The preacher preached a wonderful rhythmical sermon, all moans and shouts and lonely cries and dire pictures of hell, and he sang a song about the ninety and nine safe in the fold, but one little lamb was left out in the cold.

Through this one sentence, the reader can hear the lengthy, powerful sermon spoken by the preacher. More importantly, the reader can hear the spots where the preacher paused in his sermon for dramatic emphasis, spots that permitted the members of the congregation to let out "moans and shouts and lonely cries." In addition, the reader can hear the preacher as he sang his song about salvation. All of these images help dramatize for the reader the music and rhythms of what transpired at the revival.

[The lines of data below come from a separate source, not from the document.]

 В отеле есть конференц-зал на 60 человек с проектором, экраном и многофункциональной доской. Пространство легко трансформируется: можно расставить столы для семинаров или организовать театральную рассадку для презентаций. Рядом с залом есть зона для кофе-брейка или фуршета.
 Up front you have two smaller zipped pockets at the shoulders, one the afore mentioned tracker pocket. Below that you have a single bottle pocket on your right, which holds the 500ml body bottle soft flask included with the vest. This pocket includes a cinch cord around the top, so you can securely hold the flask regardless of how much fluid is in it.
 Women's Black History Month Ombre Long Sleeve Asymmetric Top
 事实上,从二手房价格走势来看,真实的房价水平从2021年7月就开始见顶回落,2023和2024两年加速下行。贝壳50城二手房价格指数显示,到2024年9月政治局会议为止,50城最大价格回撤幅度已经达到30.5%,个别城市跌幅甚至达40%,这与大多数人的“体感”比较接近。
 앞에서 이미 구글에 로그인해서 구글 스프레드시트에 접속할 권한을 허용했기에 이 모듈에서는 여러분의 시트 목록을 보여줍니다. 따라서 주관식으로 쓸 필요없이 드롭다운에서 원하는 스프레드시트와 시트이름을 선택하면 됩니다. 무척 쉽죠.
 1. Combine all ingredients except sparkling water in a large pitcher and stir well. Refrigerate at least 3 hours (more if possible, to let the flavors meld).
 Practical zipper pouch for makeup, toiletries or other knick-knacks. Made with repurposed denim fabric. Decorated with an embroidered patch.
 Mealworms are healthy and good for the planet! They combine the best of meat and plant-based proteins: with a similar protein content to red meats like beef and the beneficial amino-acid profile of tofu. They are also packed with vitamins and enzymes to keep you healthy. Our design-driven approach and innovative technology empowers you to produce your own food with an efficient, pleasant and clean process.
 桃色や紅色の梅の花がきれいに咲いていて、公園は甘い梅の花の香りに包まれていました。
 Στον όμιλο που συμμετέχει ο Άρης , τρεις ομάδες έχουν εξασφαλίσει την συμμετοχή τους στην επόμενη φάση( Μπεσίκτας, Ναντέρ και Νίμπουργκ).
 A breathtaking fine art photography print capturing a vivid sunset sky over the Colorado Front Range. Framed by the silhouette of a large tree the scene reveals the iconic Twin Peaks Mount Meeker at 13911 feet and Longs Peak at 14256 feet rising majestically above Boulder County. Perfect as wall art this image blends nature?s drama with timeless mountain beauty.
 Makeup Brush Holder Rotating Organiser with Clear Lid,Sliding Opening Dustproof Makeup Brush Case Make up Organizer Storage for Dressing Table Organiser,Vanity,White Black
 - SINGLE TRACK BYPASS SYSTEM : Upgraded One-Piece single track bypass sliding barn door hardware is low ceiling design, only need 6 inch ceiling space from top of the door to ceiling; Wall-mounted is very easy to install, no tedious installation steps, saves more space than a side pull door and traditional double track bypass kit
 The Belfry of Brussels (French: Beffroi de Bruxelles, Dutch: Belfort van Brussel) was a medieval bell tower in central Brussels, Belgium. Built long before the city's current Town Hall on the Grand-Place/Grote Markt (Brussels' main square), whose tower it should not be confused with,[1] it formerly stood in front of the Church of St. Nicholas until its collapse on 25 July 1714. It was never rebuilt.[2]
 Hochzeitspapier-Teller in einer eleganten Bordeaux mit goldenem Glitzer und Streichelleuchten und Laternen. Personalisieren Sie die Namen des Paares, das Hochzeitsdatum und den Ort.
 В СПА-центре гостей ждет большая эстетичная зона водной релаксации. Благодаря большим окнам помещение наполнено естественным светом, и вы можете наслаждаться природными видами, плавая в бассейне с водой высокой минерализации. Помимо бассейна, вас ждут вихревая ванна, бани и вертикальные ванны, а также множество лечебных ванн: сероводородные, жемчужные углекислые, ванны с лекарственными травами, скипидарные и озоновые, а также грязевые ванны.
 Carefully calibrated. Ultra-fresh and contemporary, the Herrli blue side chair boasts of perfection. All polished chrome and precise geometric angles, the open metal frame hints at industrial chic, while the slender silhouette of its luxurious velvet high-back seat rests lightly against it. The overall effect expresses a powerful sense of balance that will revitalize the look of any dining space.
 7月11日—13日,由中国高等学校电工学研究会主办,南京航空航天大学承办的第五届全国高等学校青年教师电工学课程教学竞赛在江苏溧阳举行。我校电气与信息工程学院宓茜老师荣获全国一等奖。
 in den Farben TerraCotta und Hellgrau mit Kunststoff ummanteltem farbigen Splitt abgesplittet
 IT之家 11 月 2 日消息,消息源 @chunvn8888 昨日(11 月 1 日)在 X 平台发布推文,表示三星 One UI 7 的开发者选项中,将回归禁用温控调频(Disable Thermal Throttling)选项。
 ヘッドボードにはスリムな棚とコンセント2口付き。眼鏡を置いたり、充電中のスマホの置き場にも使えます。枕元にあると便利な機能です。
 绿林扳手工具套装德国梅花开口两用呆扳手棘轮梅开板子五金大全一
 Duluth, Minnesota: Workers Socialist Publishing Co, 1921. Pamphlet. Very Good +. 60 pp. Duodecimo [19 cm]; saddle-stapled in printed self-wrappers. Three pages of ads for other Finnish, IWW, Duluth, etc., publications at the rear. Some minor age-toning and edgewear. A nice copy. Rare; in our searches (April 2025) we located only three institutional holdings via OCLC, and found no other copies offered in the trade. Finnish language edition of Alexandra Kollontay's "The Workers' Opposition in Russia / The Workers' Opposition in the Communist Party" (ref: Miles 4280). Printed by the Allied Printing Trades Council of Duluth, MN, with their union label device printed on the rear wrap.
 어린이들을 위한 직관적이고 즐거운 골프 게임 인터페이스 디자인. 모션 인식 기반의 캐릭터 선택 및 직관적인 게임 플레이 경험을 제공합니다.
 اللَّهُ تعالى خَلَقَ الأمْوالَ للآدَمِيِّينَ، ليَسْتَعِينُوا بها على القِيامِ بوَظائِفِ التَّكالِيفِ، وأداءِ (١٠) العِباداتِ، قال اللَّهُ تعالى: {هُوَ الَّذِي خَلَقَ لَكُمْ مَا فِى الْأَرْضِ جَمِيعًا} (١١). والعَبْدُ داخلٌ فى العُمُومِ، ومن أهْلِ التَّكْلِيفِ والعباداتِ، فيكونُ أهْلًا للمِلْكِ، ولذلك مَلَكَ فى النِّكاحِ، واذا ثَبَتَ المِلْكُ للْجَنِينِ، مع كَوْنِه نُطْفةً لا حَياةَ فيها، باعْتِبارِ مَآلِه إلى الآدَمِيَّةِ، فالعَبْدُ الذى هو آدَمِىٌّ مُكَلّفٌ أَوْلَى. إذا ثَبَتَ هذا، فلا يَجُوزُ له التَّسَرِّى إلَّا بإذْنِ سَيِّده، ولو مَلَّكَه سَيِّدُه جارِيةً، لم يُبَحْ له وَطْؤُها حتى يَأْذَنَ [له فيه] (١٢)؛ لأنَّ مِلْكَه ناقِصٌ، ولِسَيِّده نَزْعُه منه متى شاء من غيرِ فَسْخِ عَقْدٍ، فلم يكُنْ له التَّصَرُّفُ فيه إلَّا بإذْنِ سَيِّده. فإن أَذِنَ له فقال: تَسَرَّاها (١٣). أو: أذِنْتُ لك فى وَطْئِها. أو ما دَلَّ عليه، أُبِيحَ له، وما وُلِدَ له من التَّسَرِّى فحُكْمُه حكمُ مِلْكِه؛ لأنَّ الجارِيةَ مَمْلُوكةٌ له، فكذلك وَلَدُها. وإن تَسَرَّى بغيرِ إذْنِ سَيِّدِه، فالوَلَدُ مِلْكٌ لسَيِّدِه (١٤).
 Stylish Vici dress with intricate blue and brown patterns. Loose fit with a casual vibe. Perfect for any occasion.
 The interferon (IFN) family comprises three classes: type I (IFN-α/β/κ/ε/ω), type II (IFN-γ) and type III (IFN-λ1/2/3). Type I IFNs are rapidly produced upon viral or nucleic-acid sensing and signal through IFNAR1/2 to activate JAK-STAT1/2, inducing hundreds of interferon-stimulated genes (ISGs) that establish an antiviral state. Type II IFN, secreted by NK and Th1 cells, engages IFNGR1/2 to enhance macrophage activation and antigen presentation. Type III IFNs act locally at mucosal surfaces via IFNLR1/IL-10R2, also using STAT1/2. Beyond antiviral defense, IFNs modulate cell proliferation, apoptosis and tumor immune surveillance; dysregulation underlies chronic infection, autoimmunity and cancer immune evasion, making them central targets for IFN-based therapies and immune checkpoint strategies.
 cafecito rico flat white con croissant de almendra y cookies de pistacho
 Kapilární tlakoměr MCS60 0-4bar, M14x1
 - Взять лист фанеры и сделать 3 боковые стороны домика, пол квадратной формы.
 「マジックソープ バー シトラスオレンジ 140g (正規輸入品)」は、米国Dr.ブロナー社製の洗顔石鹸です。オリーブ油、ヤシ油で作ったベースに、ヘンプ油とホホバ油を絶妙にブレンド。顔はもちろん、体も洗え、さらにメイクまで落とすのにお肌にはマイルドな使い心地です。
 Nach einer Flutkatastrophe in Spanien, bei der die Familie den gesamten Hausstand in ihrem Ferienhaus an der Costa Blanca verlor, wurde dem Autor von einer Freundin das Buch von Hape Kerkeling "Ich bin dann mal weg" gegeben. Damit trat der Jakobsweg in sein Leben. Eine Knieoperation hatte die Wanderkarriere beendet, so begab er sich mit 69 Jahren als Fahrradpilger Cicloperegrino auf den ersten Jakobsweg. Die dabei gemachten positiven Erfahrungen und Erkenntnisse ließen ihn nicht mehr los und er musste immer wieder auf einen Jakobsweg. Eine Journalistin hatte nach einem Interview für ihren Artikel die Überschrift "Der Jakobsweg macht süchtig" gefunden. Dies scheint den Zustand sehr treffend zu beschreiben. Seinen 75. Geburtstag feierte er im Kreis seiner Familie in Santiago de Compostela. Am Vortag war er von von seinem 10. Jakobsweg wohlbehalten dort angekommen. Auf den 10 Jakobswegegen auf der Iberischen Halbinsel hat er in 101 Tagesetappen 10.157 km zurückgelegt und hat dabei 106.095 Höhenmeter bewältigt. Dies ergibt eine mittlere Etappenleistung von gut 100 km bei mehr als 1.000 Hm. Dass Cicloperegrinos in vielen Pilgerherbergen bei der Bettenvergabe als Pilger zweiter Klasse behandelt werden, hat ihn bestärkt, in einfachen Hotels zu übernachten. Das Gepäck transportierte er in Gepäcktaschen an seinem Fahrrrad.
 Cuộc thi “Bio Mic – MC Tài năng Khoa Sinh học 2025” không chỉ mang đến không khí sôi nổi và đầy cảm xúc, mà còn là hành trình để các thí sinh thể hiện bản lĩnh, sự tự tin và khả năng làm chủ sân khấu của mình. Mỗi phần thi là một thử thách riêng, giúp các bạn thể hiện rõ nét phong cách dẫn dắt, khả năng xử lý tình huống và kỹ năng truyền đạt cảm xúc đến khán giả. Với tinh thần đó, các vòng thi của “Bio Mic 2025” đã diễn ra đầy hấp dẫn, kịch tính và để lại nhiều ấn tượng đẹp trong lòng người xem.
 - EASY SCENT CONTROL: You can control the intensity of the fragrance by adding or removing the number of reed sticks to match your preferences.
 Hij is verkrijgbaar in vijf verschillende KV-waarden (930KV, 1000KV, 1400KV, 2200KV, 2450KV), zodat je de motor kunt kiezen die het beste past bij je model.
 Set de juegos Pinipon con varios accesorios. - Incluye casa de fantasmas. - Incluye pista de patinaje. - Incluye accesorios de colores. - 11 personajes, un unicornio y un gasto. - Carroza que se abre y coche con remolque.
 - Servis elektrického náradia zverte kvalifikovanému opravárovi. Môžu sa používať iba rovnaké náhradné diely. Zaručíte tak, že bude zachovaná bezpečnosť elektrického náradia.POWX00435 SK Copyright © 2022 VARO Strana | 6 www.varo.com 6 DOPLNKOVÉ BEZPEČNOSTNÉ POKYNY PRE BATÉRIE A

Yet, Hughes also contrasts his long sentences with short sentences to characterize the thoughts and feelings of the children at the revival. For example, in the third paragraph in which he uses long sentences to dramatize the preacher's sermon, the final sentences are short such as, "But most of us just sat there." The stark contrast between long and short sentences show us how little the children understand and relate to what's going on around them by showing how different the children still are from the adults around them. In characterizing the children's differences, the short sentences help to characterize the bewilderment, frustration, and even fright felt by some of the children. Characterizing the children, especially himself, as bewildered, frustrated, frightened, and even sad helps underscore his point that adults must tread carefully when it comes to explaining matters of spirituality to children.